Say WHAT?  SMOKING... in the Bible?

  • What did the Buddhist tell the hot dog vendor?  /  “Make me one with everything.”

  • What do you get when you cross a dyslexic, an insomniac, and an agnostic?

    • Someone who lays awake at night wondering if there’s a dog.

  • What do you call a fake noodle? / An impasta.

  • A horse walks into a bar. / The bartender says, “Why the long face?”

  • A sandwich walks into a bar. / The bartender says, “Sorry, we don’t serve food here.”

  • A mushroom walks into a bar. The bartender says, “Sorry, we don’t serve your kind here.”

    • The mushroom leaves saying, “You’re missing out on a good time - I’m a really fungi.”

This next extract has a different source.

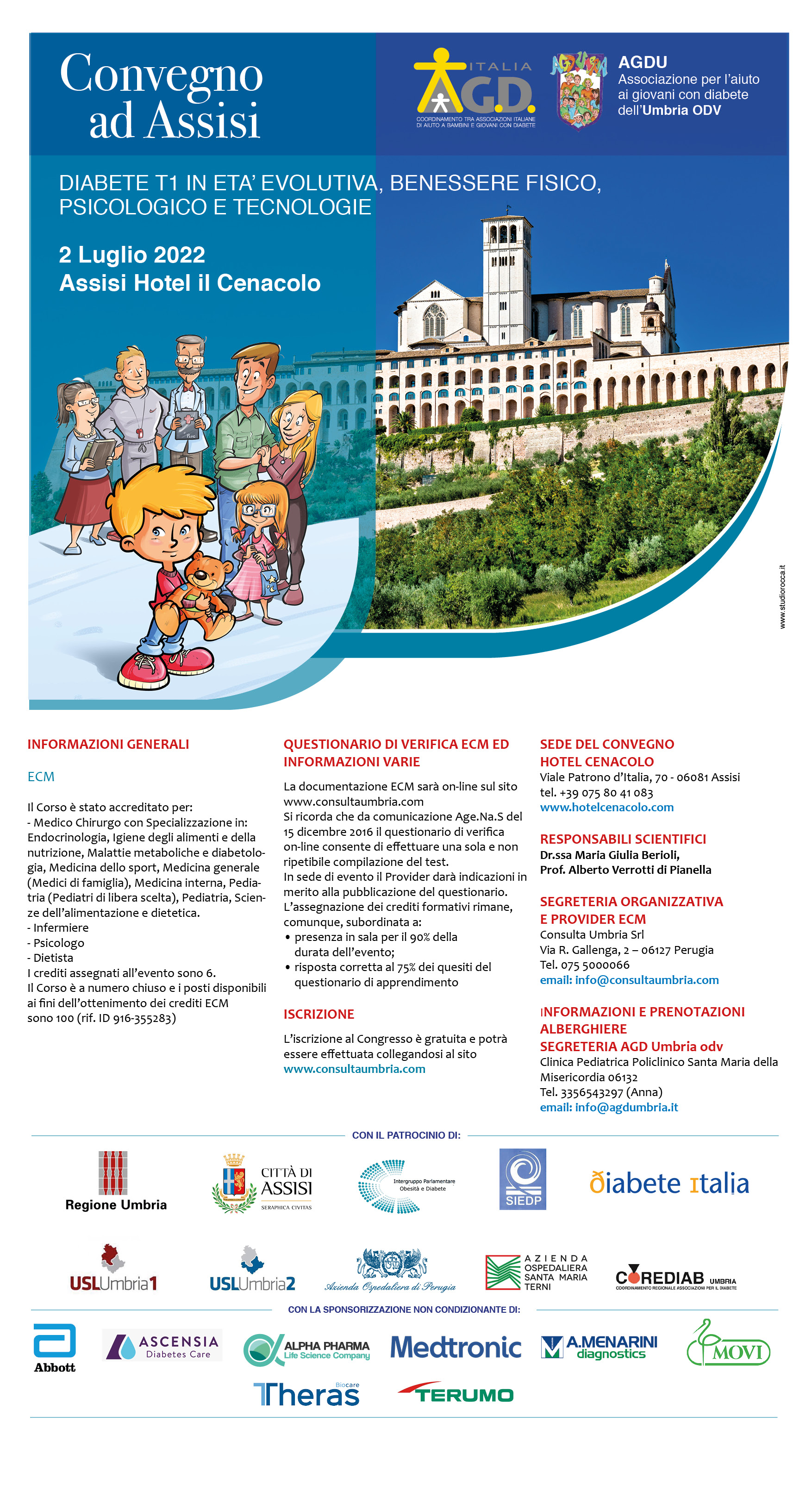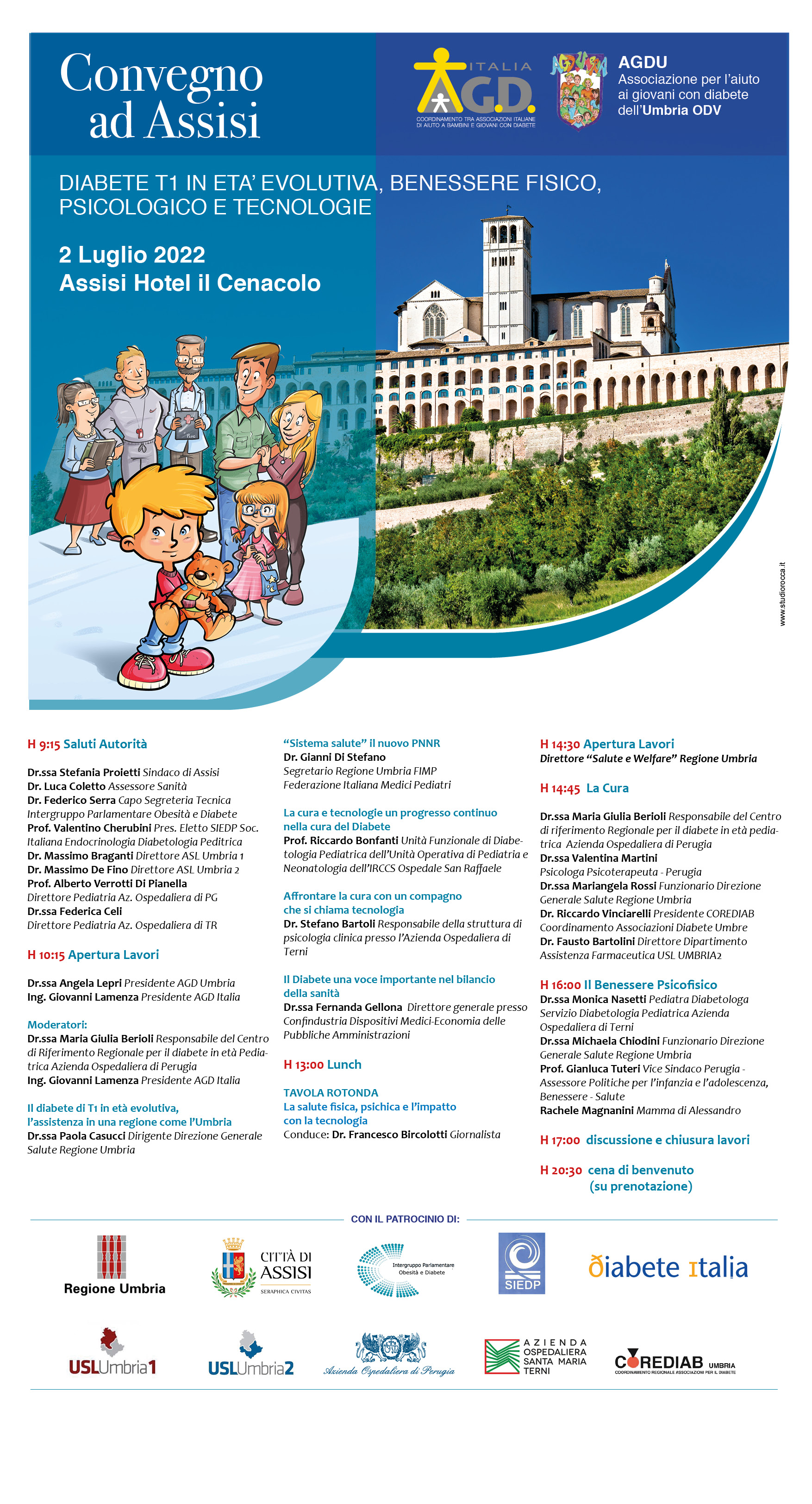 “DIABETE T1 IN ETA’ EVOLUTIVA, BENESSERE FISICO, PSICOLOGICO E TECNOLOGIE” è il titolo del Convegno che avrà luogo il 2 luglio 2022, presso il Cenacolo Francescano di Assisi, organizzato da AGD Umbria ed AGD Italia.

  • What happened when some lettuce, a faucet, and a tomato ran a race together?

    • The lettuce was ahead, the faucet was running, and the tomato was trying to ketchup.

  • Why won’t skeletons fight each other? / They just don’t have the guts.

TRUE STORY?   A couple, both sixty years of age, had been married for 30 years. An angel of the Lord appeared to them, congratulated them for their many years of marriage, then told them that he'd like to give each of them their heart's desire. The wife spoke first, saying that she had always wanted to TRAVEL.  The angel flashed his mighty sword and presented her with tickets to a cruise around the world. The husband pulled the angel aside and said, “I’ve always wanted to be married to someone 30 years younger." The angel flashed his mighty sword and declared, "Sir, you are now 90 YEARS OLD!"